This is my first time to this website. I was given the diagnosis of Systemic Sclerosis on Monday and have been spinning around trying to figure out what it is and what I can do about it. This all started after seeing my doctor for my annual physical and mentioned that my hands are sensitive to cold and two fingers turn sheet white and freeze up over a little cold. I also have been having strange pressure on my head and then I see colors and can't focus. I have a long history of treatment for asthma. I also have always been susceptible to colds that land in my chest and cause significant breathing issues.

In general I am healthy, active and strong. I can hike 20 miles a day and am out skiing, rock climbing, hiking on a regular basis. I don't feel sick and have no pain, other than the usual bangs and bumps that happen in an active life.

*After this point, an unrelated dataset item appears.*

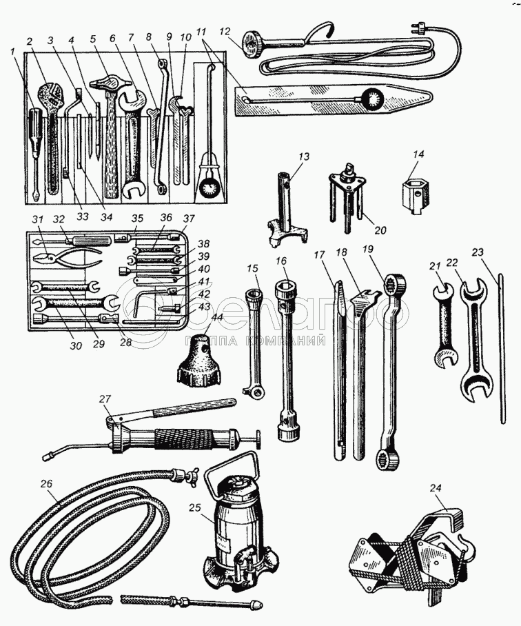 Каталог запасных частей к технике: МАЗ-5549. Инструмент и принадлежности

My doctor ordered an MRI of my brain and discovered some "white spots". I saw a neurologist and he said there is no neurological impairment and it is likely normal aging. The head pain is just a migraine. My blood tests on the other hand came out alarmingly. My ANA titer level is off the chart high. My doctor then did a full ANA panel and some other numbers came back off the chart high as well. She has come to the conclusion that I have Systemic Sclerosis based on the blood test and the limited symptoms I have. Next week I am scheduled for a high resolution CT scan of my chest. I am desperately trying to get in to see a rheumatologist - my doctor is calling in favors to get someone to see me before July.

So I guess I have a few questions. Can I feel healthy, not fatigued, no pain and still have this serious diagnosis? What are the chances that there is another diagnosis? Is is possible that the worst symptoms will simply be Raynaud's?

BTW - I live in Eastern Nevada, where the nearest large town and health care is in Salt Lake City, UT.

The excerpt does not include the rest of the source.